Kamalul Ilham

225 9 5
                                    

Ada banyak kalimat. Namun hanya satu kata yang kentara. Tentang hati dan segala isinya.

Deretan kata dari bahasa timur tengah terpampang apik di setiap lembarnya. Sebuah buku, jika kita katakan kitab dari bahasa mereka. Usianya lebih dari setengah usia pemiliknya.

Perangai cerdas namun tidak menampik ketawadhuan dan kesantunan itu menutup bacaannya selama dua jam terakhir. Sudah menjadi kebiasaannya di sepertiga malam sebelum melaksanakan sunnah Rasul.

Alih-alih membagunkan pria yang sudah menjadi teman tidurnya selama enam belas tahun terakhir seperti biasa, ia malah merapihkan buku-bukunya yang sempat di ubrak-abrik oleh putri sulungnya. Dengan santai putrinya beralasan, 'Kapan lagi Ara melihat buku-buku uma. Baba bilang Ara tidak bisa pulang setiap tahunnya'. Apa hubungannya dengan mengacak-ngacak dan tidak pulang-pulang? Putri sulungnya masih terlalu manja. Apa ia sanggup melepasnya ke tempat yang begitu jauh?

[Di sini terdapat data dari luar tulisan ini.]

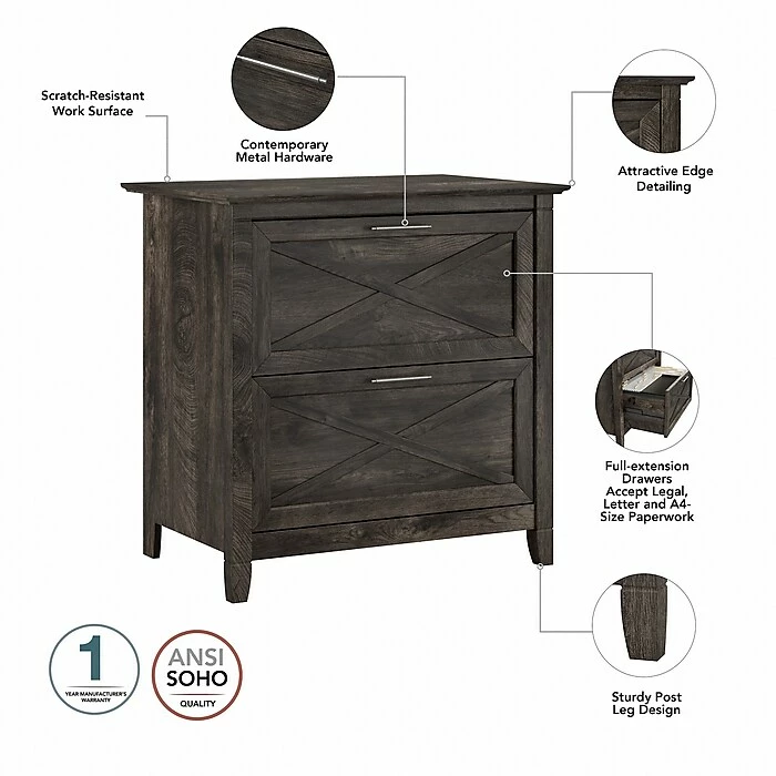 A natural fit for homes that embrace coastal and farmhouse decor, the Bush Furniture Key West two-drawer lateral file cabinet is perfect for organizing paperwork in virtually any room. Two file drawers open on smooth full-extension ball bearing slides for an easy reach to legal- and letter-size documents. A stylish X-pattern accent on the drawer panels creates a relaxed style supported by a sturdy and attractive post-leg design. This lateral file cabinet matches the height of any Bush Furniture Key West desk (sold separately) to create an extended work surface when placed side by side. The Bush Furniture Key West collection offers a wide variety of farmhouse furniture that makes building a complete home office or living room a breeze. This two-drawer file cabinet is tested to meet ANSI/SOHO quality standards for safety and performance and is backed by the Bush Furniture 1-year manufacturer limited warranty.
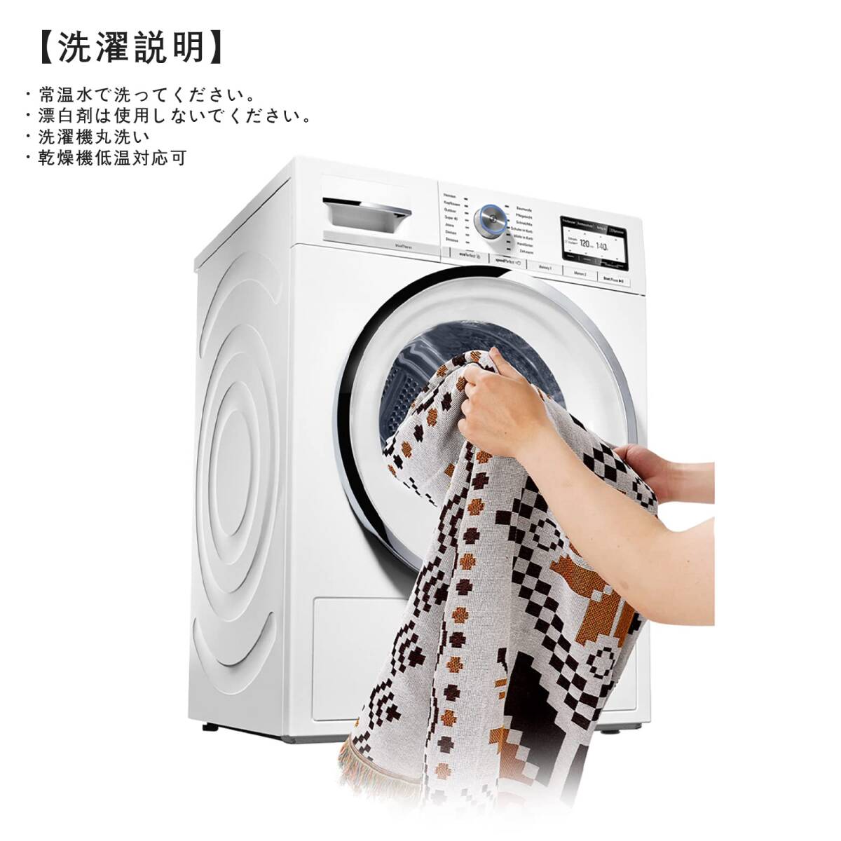 【お手入れ簡単】ピックニックブランケットとして使った後、泥がたくさん付いて汚れてしまう場合、すぐに洗う方がいいです。洗濯機や乾燥機で洗濯可能のポリエステルとコットン生地で、特殊な工技を加えて丸洗いでも色褪せません。洗濯することで清潔さを保ち、ふわふわ感じを復活、心地よく使うことができます。

Di antara puluhan buku, terselip buku bersampul coklat tua dengan lembaran-lembaran yang memang berwarna kuning kecoklatan, atau mungkin karena terlalu lama ia menyimpannya. Ini juga pertama kalinya di belasan tahun yang lalu ia kembali membukanya. 'Apa ini saat yang tepat untuk tidak lagi menyimpannya?'

Lembar Satu

Kamalul Ilham. Ku tulis nama itu di lembaran ini. Apa mungkin aku bisa berharap namanya ada di lembaran berikutnya atau bahkan seterusnya?
Seorang gadis berjilbab biru menghampiriku. Kemeja kotak-kotak senada dengan kerudungnya, di padukan jins longgar yang masih santun meski terlihat trandy. Si gadis celana jins itu menanyakan padaku tentang laki-laki bernama Ilham. Tapi aku tidak mengenal gadis itu. Apa lagi laki-laki yang dia tanyakan.
Apa ini takdir?
Laki-laki itu ternyata orang yang tidak sengaja aku temui di wisuda cik Hilma.
Setelah seenaknya memotong ocehan resepsionis waktu itu, dengan senyumnya yang ia tunjukan padaku, dia pun mengantarku ke tempat tujuan.

"Mariah kan?"

Waktu itu Mariah mengambil pesanan di manggar batik. Tanpa diduga, wanita berjilbab menyapanya tanpa sungkan. Tentu saja wanita itu mengenalnya. Sedangkan dia sama sekali tidak pernah merasa bertemu dengan wanita itu.